In March 2018 we started experimenting this service together with the Finnish Tax Administration Vero and built a demo aimed to help foreign workers navigate their immigration & taxation journey to Finland. The special focus was to be on entrepreneurs. This phase of the project ended with a public demo, which was received very well. Participants encouraged us to pilot this service as soon as possible.

In August 2018 the Finnish Patent & Registration Office (PRH), in charge of company registration as well as patents in Finland, joined the project and the second phase started. Together with the three organisations onboard (Migri, Vero, PRH) we built a common service to help foreign entrepreneurs start their business in Finland. This service is piloting from December 2018 to June 2019.

ProcessMap

The collaboration and network building started in March 2018.

 

 


Double diamond-design process

In this project we used a classic double diamond-design process already twice: In both phases of the project (March-June 2018 and August 2018-June 2019) we started with user research, conducting interviews & surveys and then analysed the results to define the focus group: foreign entrepreneurs who have decided to start their business in Finland but don’t know where exactly to start. Based on the research phase we then created content for the three chatbots, that served the user needs. This content was constantly tested in usability tests with the end users. Based on the usability tests we adjusted the contents before we finally put it live in early December 2018. Lots of work was put into designing, testing and adjusting the transfers between the three organisations. While the service is in pilot phase the team continues to build additional content based on needs we recognise from conversations logs as well as further user tests.

The main evaluation of this project will take place during summer 2019.

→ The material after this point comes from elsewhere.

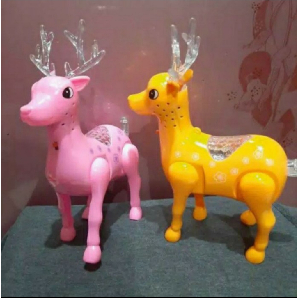 MAINAN RUSA BERJALAN MENGGUNAKAN BATERAI BUNYI ADA LAMPU / MAINAN RIBOT RUSA BERJALAN MUSIK DAN LAMPU
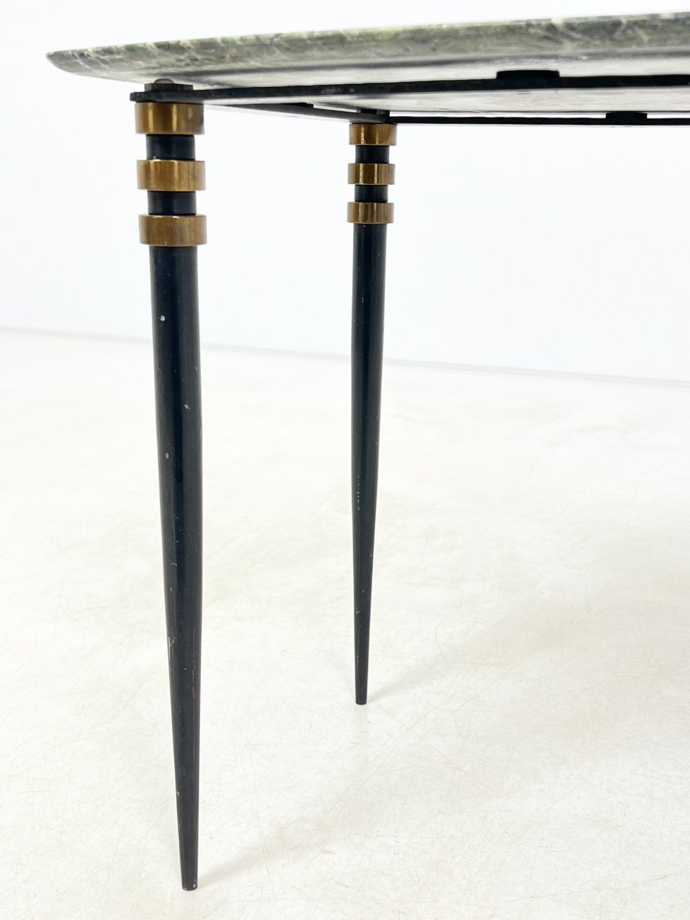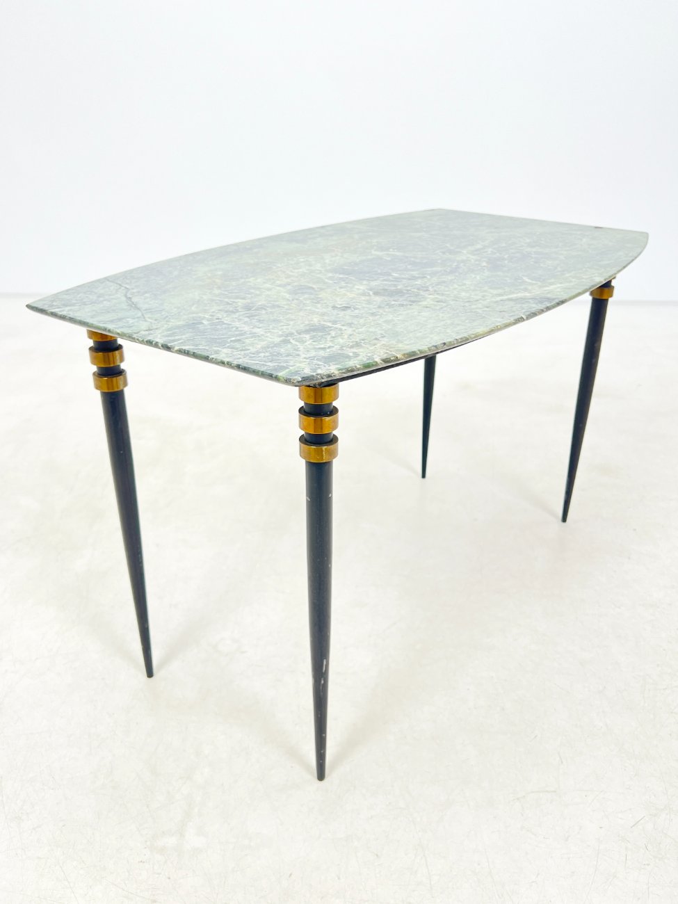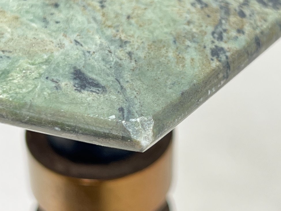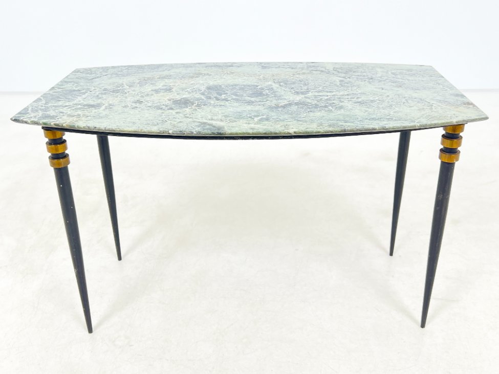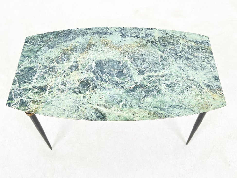 Metalinio rėmo staliukas su žalio marmuro stalviršiumi.

During the design process we understood when transferring from one organisation to another there are three types of transfers: Reactive transfers, when the user asks a question about a topic from another organisation, proactive transfers, when the bots give additional information and refer the user to another organisation, manual transfers, when users specifically ask for another organisation.

Learnings

Nevertheless in the process of building the “Starting up smoothly”-service we learned a lot of new things: We see the importance of teams having a room together and working in close collaboration, even if each organisation creates their own chatbot. Our view is that technology comes only after understanding the users and structuring the content for their needs. This practice has been adapted by the whole team of around 25 people involved within the three organisations, as well as our technology providers.

Inland has had a big role in shaping this project: Our way of developing the chatbot network is implementing pilots with different public agencies, rather than building a huge infrastructure and hoping that everybody would join. In every phase of the collaboration we learn more about the questions: How to collaborate with other organisation’s teams? Which content should we develop next based on customer needs?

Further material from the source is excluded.